Смысл распоряжения Измайлову ясен. Но ведь оставленный в агонии узник умрет, и тогда появится проблема тела. Каковы указания Тайной канцелярии на этот счет? Снисходительный ответ давал позволение похоронить узника в месте заключения, это значит в Никольском Корельском монастыре, неподалеку от Архангельска, в самом устье Северной Двины. Подорожные подтверждают, что как раз оттуда и начал свой путь обоз преображенцев.

Монашеский сан, монашеские обеты – какое они могли иметь здесь значение! Федос принадлежит Тайной канцелярии и в арханге-логородских землях находится в ведении местных гражданских властей. Монастырь – только тюрьма, самая надежная и одновременно безнадежная, без лишних глаз, без ненужных вопросов. А у настоятелей государственным чиновникам остается поучиться угодливости, опасливости, умению предугадывать каждое, даже невысказанное желание начальства. Какая разница, кем приходилось становиться – слугой церкви или царским тюремщиком, лишь бы в руках оставалась власть. Пусть Федоса стерегли преображенцы, о приказах Тайной канцелярии «становился известен» и архимандрит монастыря Порфирий.

Впрочем, так ли уж предусмотрителен был Измайлов или попросту знал, что в монастырских условиях Федосу долго не протянуть? Всего через десять дней после ответа о похоронах к нему приезжает из монастыря дежурный офицер с донесением, что Федос «по многому крику для подания пищи ответу не отдает и пищи не принимает». Измайлову и в голову не приходит торопиться. Пусть офицер возвращается в монастырь, пусть снова попытается добиться через окошко ответа, а если нет, то на следующий – не раньше! – день вскроет дверь и выяснит, что произошло. Еще два дня – и сообщение о смерти Федоса. Наконец-то! В монастырь отправляется распоряжение поставить тело в холодную палату и двери «до времени» опечатать, в Петербург – донесение о случившемся. Службистское чутье губернатора подсказало, что с похоронами так просто не обойдется. И как поверить, что эти расчетливые ходы делает не какой-нибудь безликий чиновник, но тот самый Иван Измайлов, который в 1697 году уезжал с Петром в Европу учиться морскому и военному делу, служил в гвардии, организовывал русскую армию!

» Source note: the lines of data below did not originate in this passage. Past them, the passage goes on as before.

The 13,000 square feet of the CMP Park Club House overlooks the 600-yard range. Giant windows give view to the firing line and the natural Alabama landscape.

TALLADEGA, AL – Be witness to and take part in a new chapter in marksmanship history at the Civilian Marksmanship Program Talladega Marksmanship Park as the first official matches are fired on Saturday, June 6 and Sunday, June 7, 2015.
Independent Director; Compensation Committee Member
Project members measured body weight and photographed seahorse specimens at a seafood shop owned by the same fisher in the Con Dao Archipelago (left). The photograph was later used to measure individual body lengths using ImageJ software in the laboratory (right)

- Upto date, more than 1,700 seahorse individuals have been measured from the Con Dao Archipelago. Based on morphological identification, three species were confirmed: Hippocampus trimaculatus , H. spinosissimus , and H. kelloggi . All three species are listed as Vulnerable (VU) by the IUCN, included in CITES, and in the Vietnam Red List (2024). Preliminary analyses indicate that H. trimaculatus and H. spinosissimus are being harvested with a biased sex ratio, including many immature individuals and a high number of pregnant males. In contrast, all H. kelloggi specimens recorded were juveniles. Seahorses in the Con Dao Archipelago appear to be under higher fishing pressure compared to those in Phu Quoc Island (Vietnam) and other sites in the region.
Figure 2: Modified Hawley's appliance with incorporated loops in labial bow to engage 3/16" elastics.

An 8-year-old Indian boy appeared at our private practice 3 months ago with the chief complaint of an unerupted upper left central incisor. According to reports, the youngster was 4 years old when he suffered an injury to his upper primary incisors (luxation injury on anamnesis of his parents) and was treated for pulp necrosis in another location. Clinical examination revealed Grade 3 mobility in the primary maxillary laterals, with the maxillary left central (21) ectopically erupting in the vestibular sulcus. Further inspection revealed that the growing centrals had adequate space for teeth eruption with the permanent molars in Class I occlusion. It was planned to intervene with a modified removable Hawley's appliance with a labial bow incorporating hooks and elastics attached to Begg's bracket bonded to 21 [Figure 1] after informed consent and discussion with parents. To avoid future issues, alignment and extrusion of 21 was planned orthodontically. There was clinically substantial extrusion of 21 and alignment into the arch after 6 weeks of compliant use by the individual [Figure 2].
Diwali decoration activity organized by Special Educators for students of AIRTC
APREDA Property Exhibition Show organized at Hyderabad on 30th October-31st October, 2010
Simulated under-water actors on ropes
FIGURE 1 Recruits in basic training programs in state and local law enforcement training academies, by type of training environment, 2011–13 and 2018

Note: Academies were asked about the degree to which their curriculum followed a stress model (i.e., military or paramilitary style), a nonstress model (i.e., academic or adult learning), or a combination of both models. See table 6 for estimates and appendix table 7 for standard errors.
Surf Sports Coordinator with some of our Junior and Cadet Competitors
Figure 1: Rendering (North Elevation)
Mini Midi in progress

Интуиция и в самом деле не подводит Измайлова. Достаточно нарочному добраться до столицы, как привезенное известие сообщается самой Екатерине, а от нее следует немедленное распоряжение П. А.Толстому: «Умершее Федосово тело из Никольского Корельского монастыря взять в Санкт-Питербург». Да не как-нибудь – спешно, опережая могущую наступить распутицу, и совершенно тайно – под видом «некоторых вещей». Об этом предстоит позаботиться Тайной канцелярии.

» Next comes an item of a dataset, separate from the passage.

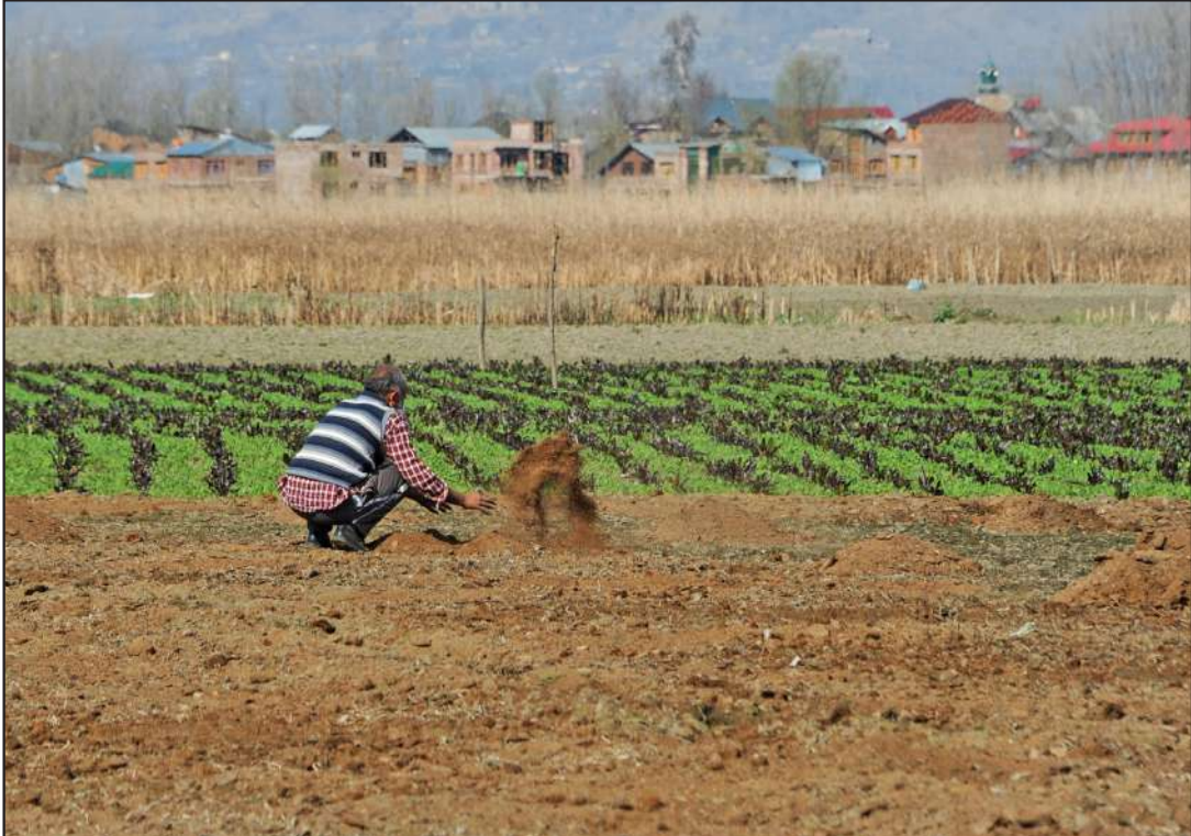
Man works in a paddy field on a sunny day in Srinagar outskirts on Saturday

Тревожным набатом рвет ночную глушь стук в монастырские ворота. Приезжие из Архангельска должны выполнить петербургскую инструкцию. Им нужен архимандрит Порфирий и караульные солдаты, состоявшие при покойном. Федос уже похоронен? Что ж, и это предусмотрено царским предписанием. Заступы взламывают застылую землю. Руки скользят на заиндевевших краях поднятого гроба. В четвертом часу ночи в церковном подполье – так дальше от любопытных глаз – гарнизонный лекарь начинает «анатомию»: «вынимает из Федосова тела внутреннюю». Кругом в неверном свете свечей клобук архимандрита, мундиры преображенцев, расшитый кафтан приехавшего для наблюдения подполковника. Своими руками им придется сколачивать ящик, обивать его холстом, превращать гроб в обыкновенную поклажу – участие посторонних запрещено. И ведь ни один не уйдет от мысли: для чего? Конечно, покойников перевозили и на немалые расстояния – чтобы опустить в родную землю, положить рядом с родственниками, воздать последние почести. А здесь что нужно было царскому двору от останков безымянного монаха?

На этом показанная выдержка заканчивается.